Haha I have cured the snail problem by buying a clown loach. He shucks em fast, too fast. Every now and then I ask my LFS for some snails just so I can feed my loach!!! =) 

I was just nervous about ICH that may have settled on the leaves (In another post, I asked how to safely get rid of ICH with snails and shrimp in the tank) or anything else that may have a negative effect on my tank. 

PS: sorry if I sound paranoid, I'm still learning =)


----------



## trenac

Aquarium plants has a list of dips/baths to get rid of algae and snails... http://www.aquariaplants.com/plantdipsbaths.htm


----------



## Sidi

_I was just nervous about ICH that may have settled on the leaves (In another post, I asked how to safely get rid of ICH with snails and shrimp in the tank) or anything else that may have a negative effect on my tank.

PS: sorry if I sound paranoid, I'm still learning =)_

There's nothing paranoid about worrying about ich.
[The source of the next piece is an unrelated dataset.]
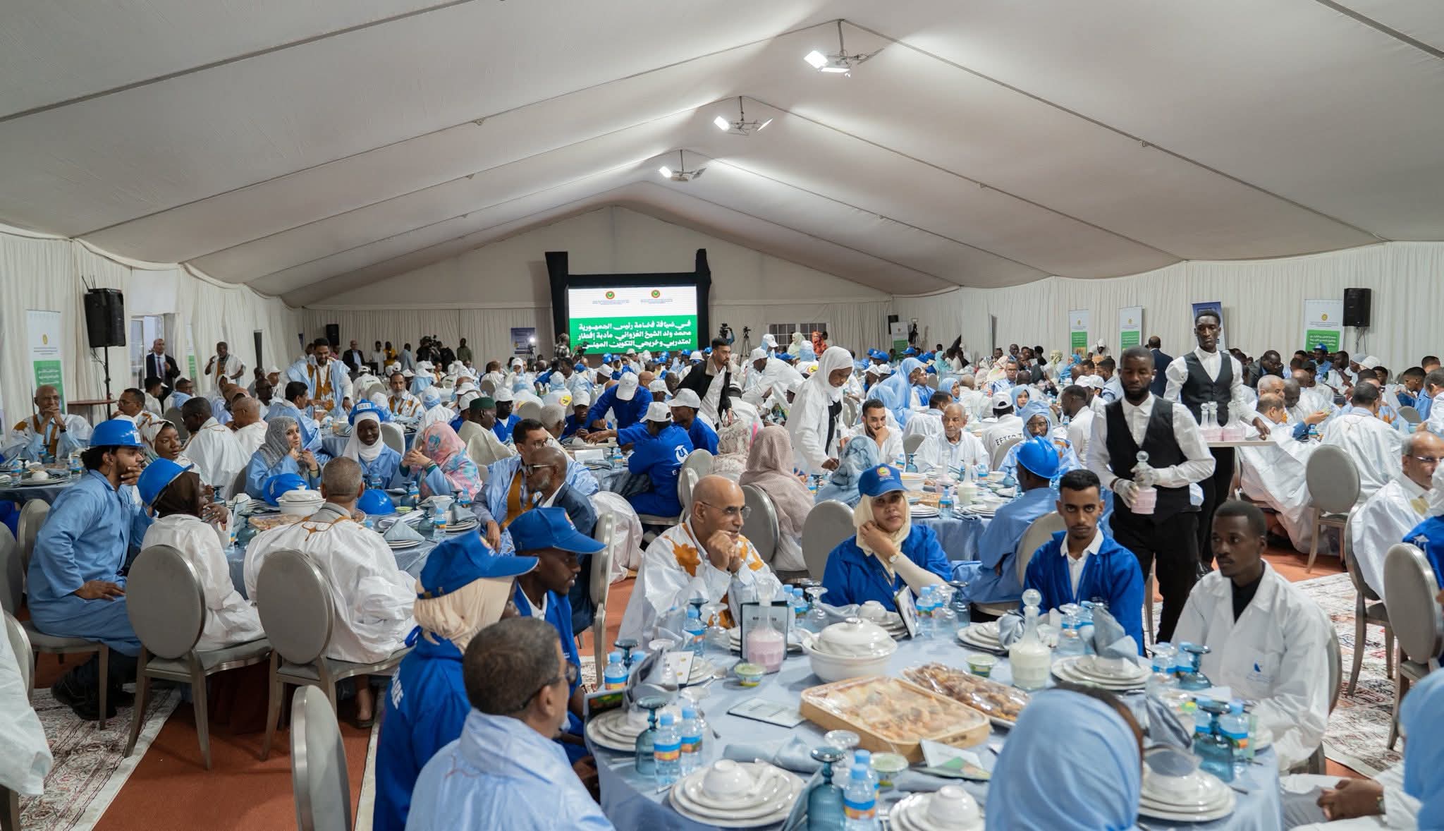 شارك رئيس الجمهورية، السيد محمد ولد الشيخ الغزواني، مساء اليوم، مائدة الإفطار مع متدربي وخريجي التكوين المهني، وذلك بالمركز العالي للتعليم التقني في نواكشوط.

You can my the healthiest fish from the store, and have a huge outbreak of ich in your tank that will kill your favorite fish. That isn't just "lightning may hit you" odds, it's "you'll be in a car accident sometime during your lifetime" odds.

Plus, you have to tailor the treatment to your tank. Salt...will kill some fish almost instantly. Heat...will kill some fish almost instantly. Tank meds...well, you get the picture. Figuring out an ich cure, because you didn't have a quarantine tank, can be absolutely awful.


----------



## Sidi

*Melissa3* I have to say it, and I'm sorry, but you picked a poor solution (if you don't have a home for the loach). I checked and the 29g is small for a single clown loach. And it would be better to have several together. I'm not condemning you, because I have a clown loach in a 55g that I desperately want to find friends for in the tank I'm just about to set up for my tinfoil barbs.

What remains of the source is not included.